FRANKFURT, Feb 16 (Reuters) - Deutsche Boerse DB1Gn.DE Chief Executive Carsten Kengeter said a failure to complete a merger with the London Stock Exchange LSE.L would weaken Germany's main financial centre, Frankfurt, which has become less competitive in recent years.

"Any concerns that Frankfurt as a financial centre might be disadvantaged by the proposed business combination fail to recognise one thing: the biggest risk to Frankfurt... is doing nothing," Kengeter said at a news conference to discuss Deutsche Boerse's annual financial results.

"We are prepared to do something to make Frankfurt flourish. But we all have to recognise that in a 10-year comparison of financial centres worldwide according to the Global Financial Centres Index, Frankfurt has slipped from sixth place to number 19," Kengeter said. "To this end, we will need the boost that the merger with London would bring."

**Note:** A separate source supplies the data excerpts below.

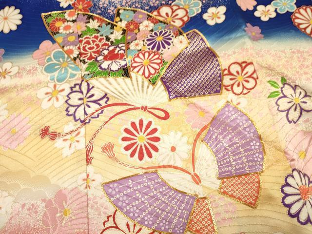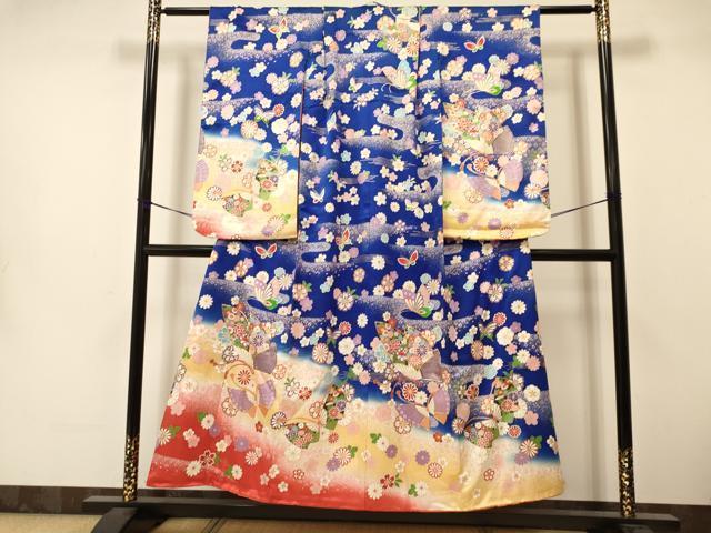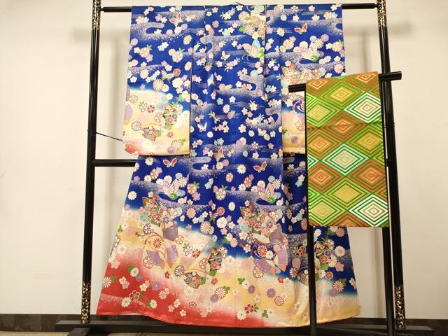 平和屋着物∵女の子 十三参り 子供 祝着・袋帯セット 駒刺繍 花蝶文 暈し染め 金彩 逸品 DAAS9066ma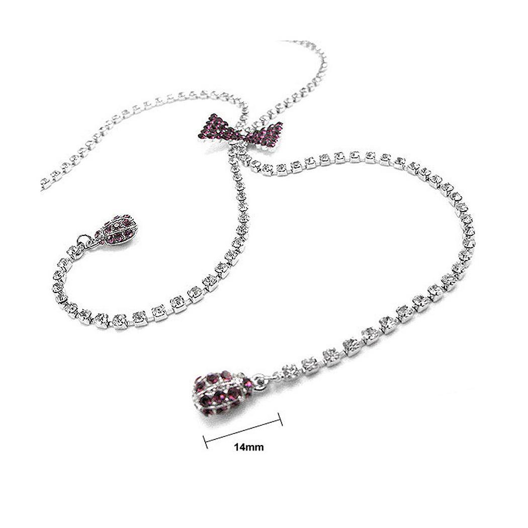 Elegant Ribbon Necklace with Silver and Purple Austrian Element Crystals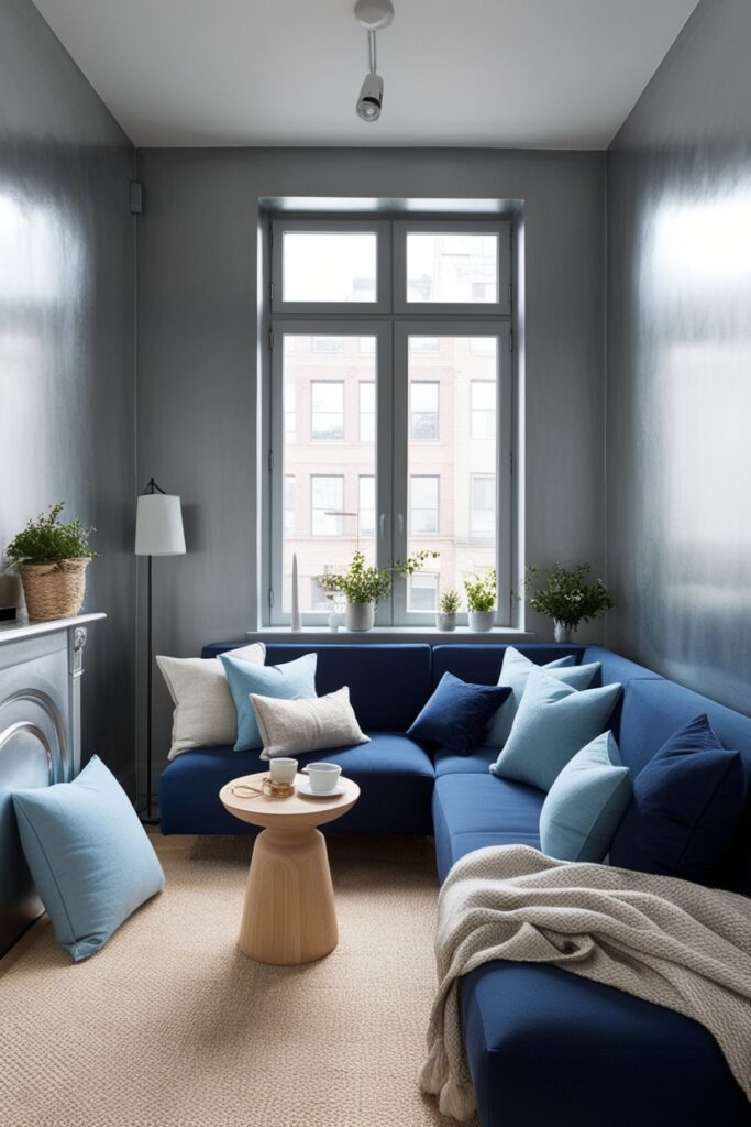 For modern lofts and city apartments go full cool tone but keep it warm in spirit. Paint the walls silver-gray, add navy upholstery, and sprinkle soft blue cushions.
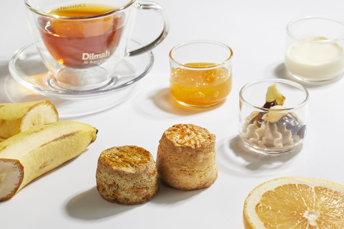 贅沢に練り込んだ芳醇なバターの香りとコクを味わえるプレーンと、ティーブランド「ディルマ」の「オリジナル・アールグレイ」を練り込んだ「オレンジとアールグレイスコーン」の2種類が提供されます。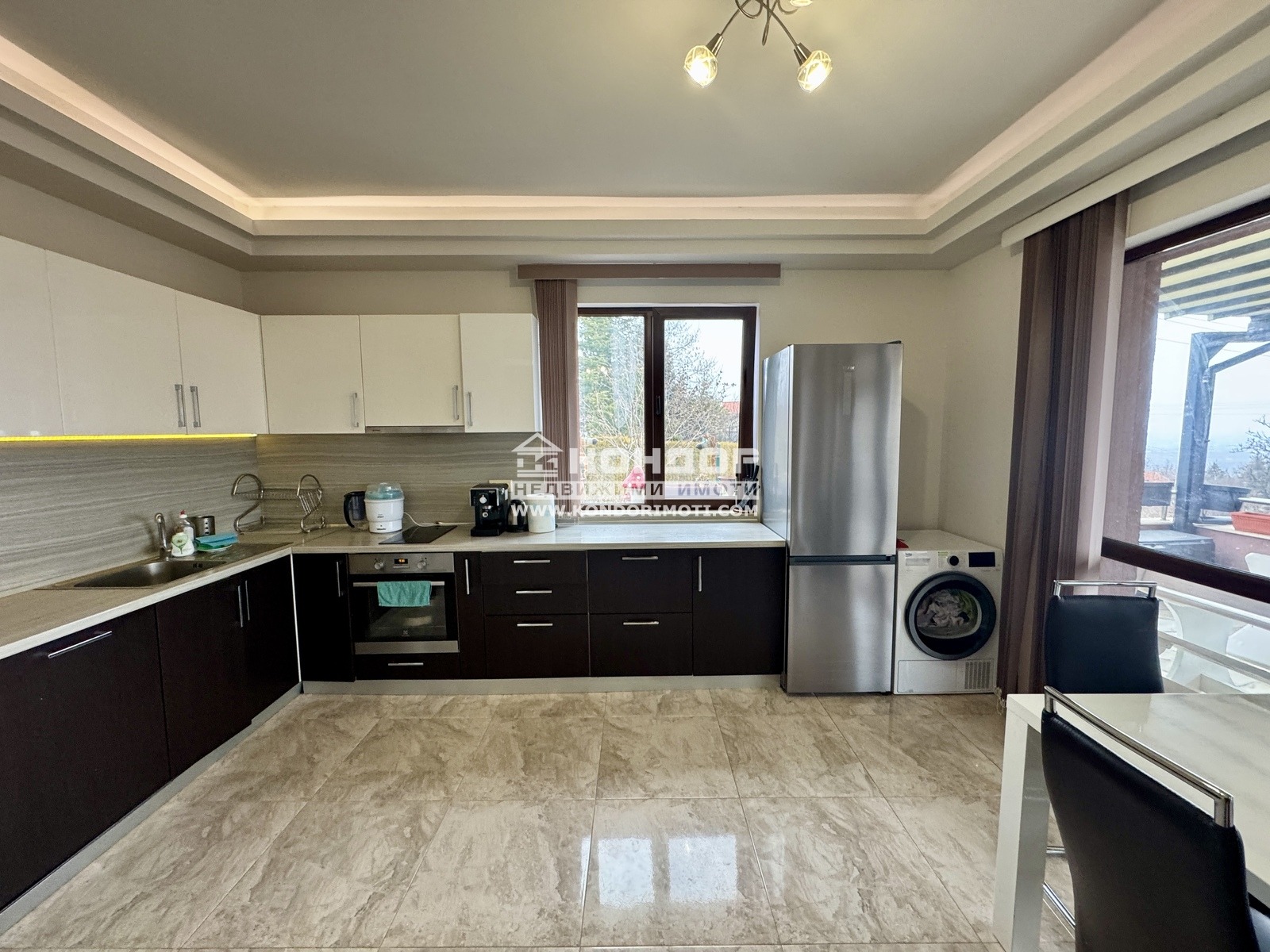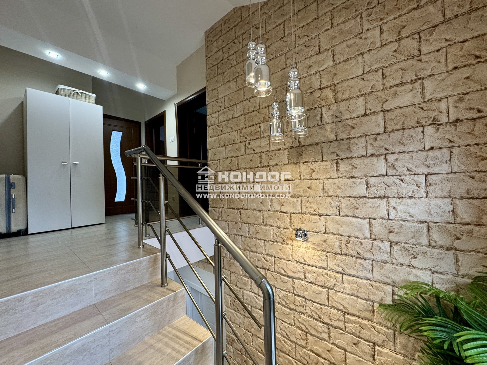 На първия етаж са разположени коридор, дневна с кухня и трапезария, която има излаз на широка и покрита веранда с електрическа пергола от която се открива прекрасна панорама. На нивото също така са ситуирани спалня, гардеробна и баня с тоалетна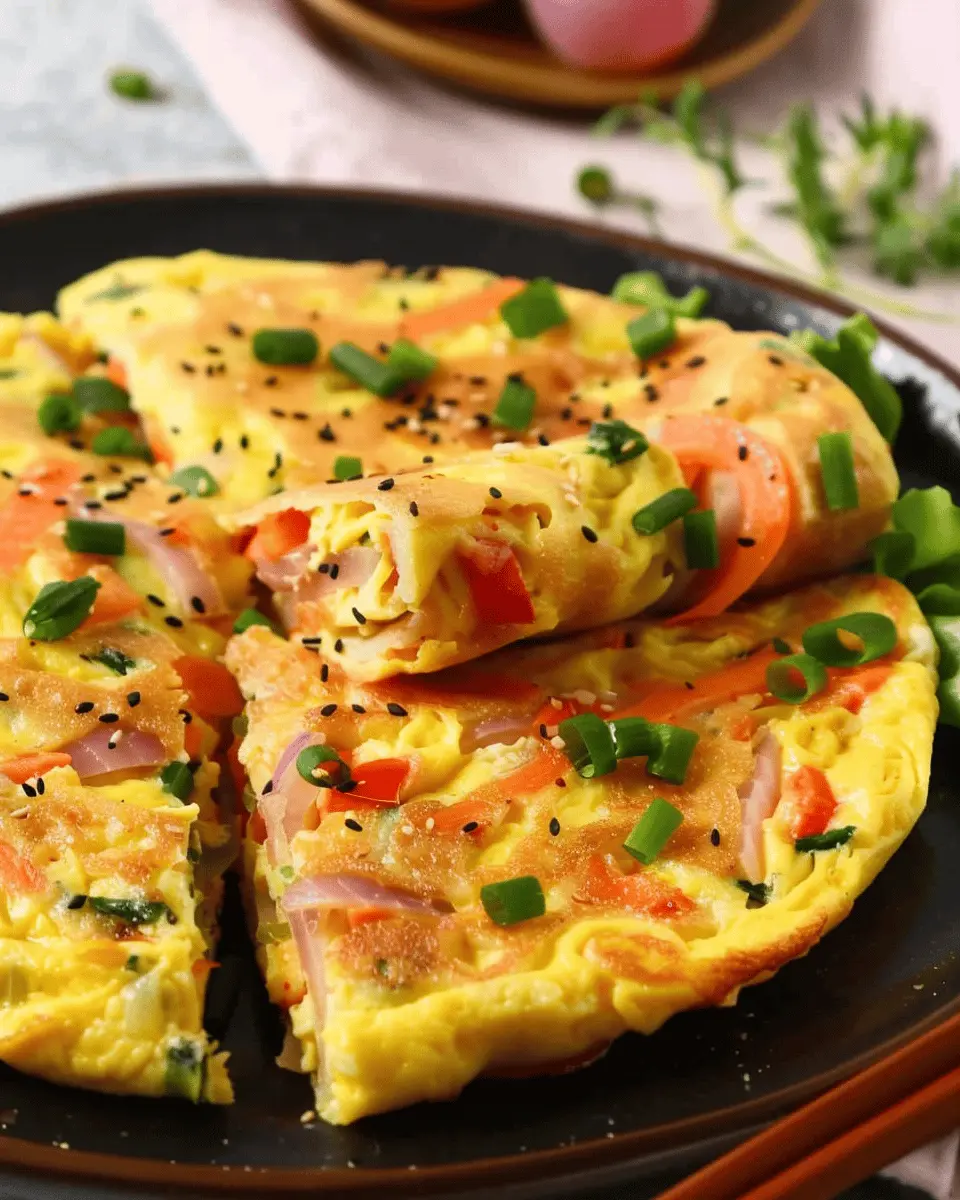 Think beyond the plate! The Korean rolled omelette can be served cold as a quick snack or added to rice paper wraps for a fresh, on-the-go option. Try slicing it into bite-sized pieces to create a colorful appetizer platter at your next gathering. For a personal touch, consider garnishing with chopped green onions or toasted sesame seeds.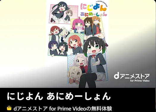 2026年3月現在、30日間の無料トライアルに登録すれば、アニメ「にじよん あにめーしょん」を追加料金なしで全話視聴できます。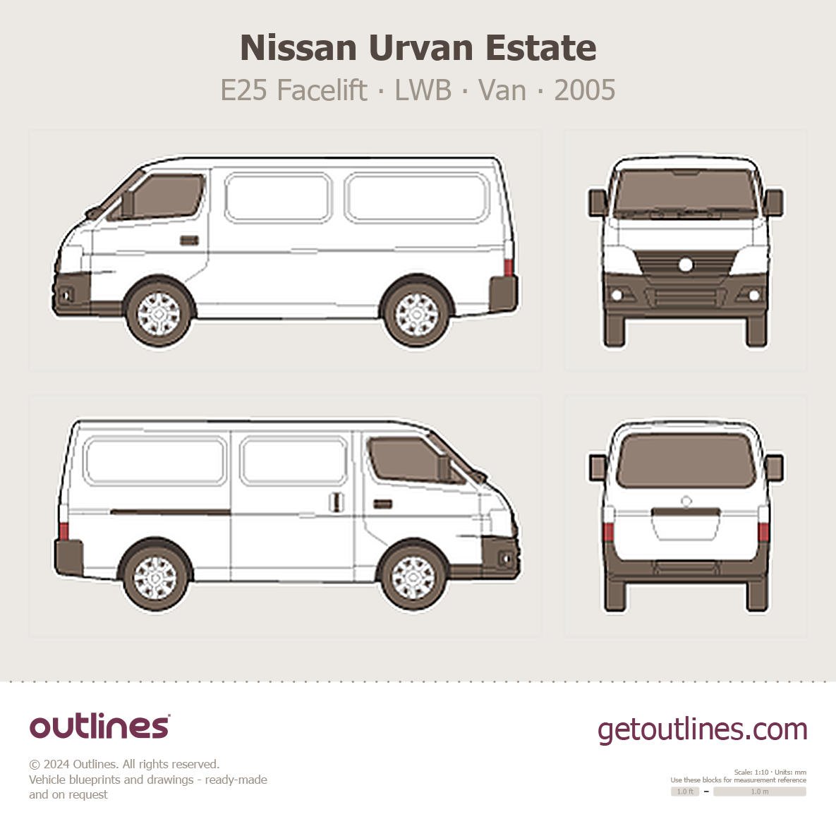 This 2005 Nissan Urvan Estate E25 Facelift LWB Van blueprint helps designers, wrap studios, and 3D artists simplify their workflow and save valuable time for creative work instead of routine tasks.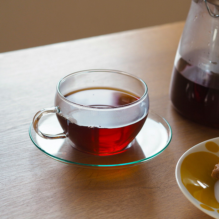 ハーブティーを飲むときはガラスのカップ&ソーサーでお茶の色も楽しむようにしています。ボヘミアクリスタルの器は耐熱ガラスでありながら薄さと軽さがとっても心地いいアイテム。寒い季節にはカップのみをスープ用としても活用しています。食洗機&電子レンジに対応しているので、気軽に使える点もおすすめポイントです。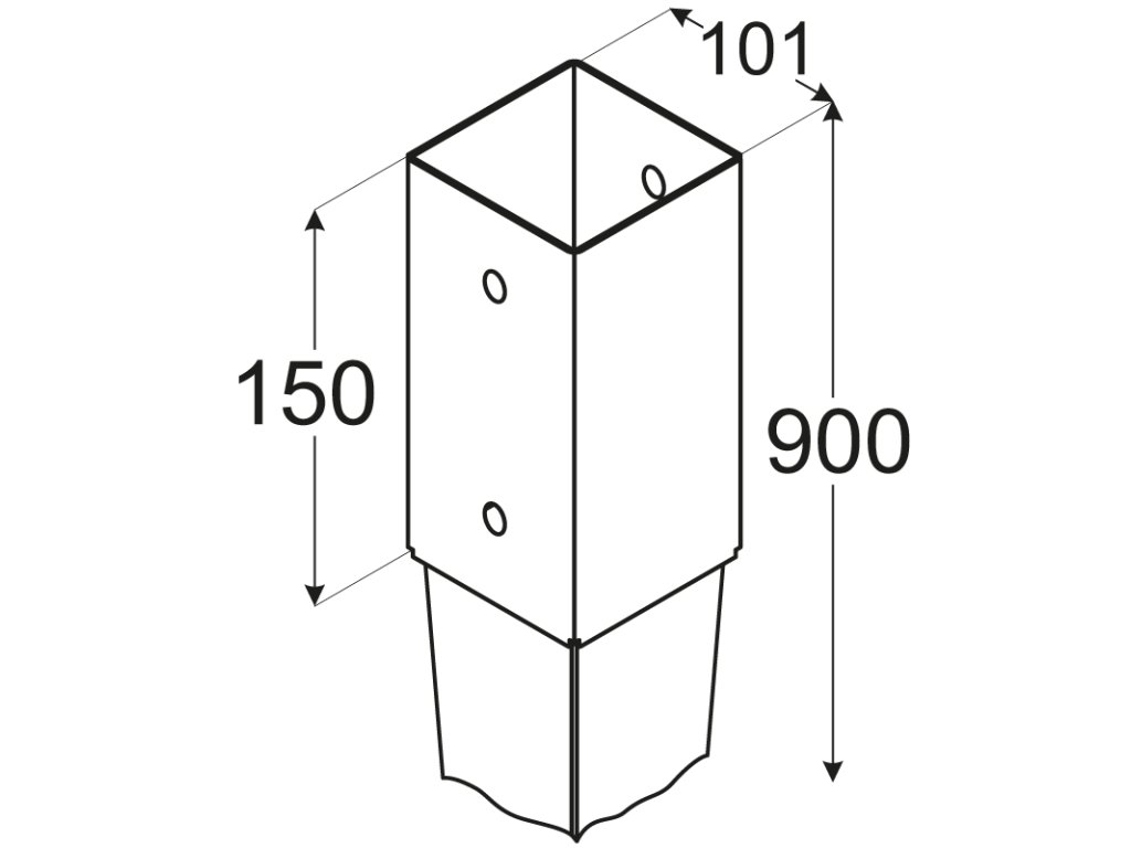 Pätka nabíjacieho/kotevného stĺpa 101 x 150 x 900 mm, 1,8 mm žiarovo pozinkovaná, počet otvorov 11 mm - 4 ks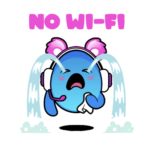 A cute blue character with headphones cries profusely, holding a tissue, as the text 'NO WI-FI' appears above, expressing sadness.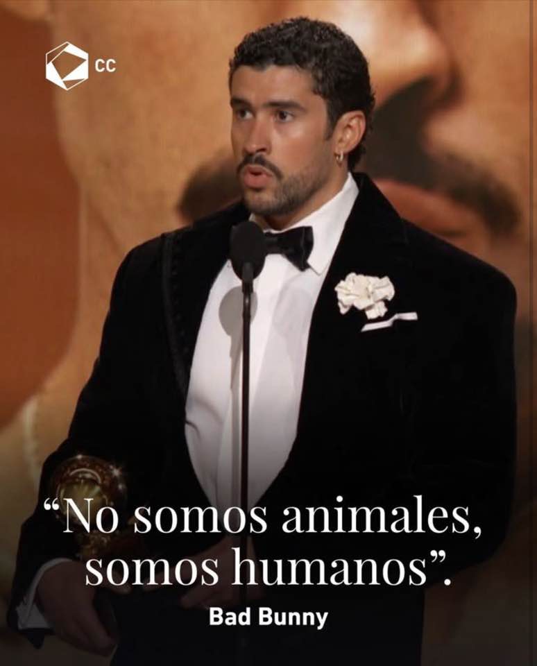 “No somos animales, somos humanos. Fuera Ice”. Bad Bunny, ovacionado de pie tras hablar bueno y breve. Y valiente.

Deutsche Boerse will create an additional 300 jobs in Frankfurt, Kengeter said, adding that he was engaged in constructive talks with policymakers in Hesse, the German state where Deutsche Boerse is headquartered and with antitrust regulators in Brussels.

"We are engaged in a constructive dialogue. Through our referendum committee, we are going to ensure that the combined group will meet all regulatory requirements with regard to closing the transaction," Kengeter said.

Kengeter further said insider trading allegations against him would prove unfounded, given he had no role in determining the timing of his share purchases ahead of the announcement of merger plans with the London Stock Exchange LSE.L .

"We, Deutsche Boerse and myself, are fully cooperating with the public prosecutor. I am certain that, following detailed investigation, the allegations will turn out to be unfounded," Kengeter said at a news conference to discuss the exchange operator's annual results.

"When I purchased the shares using my own funds, I did not do so at a time of my own choosing. I did so between 1 and 21 December 2015 within a time-frame fixed by the Supervisory board," Kengeter said, adding that the shares were subject to a holding period until the end of 2019.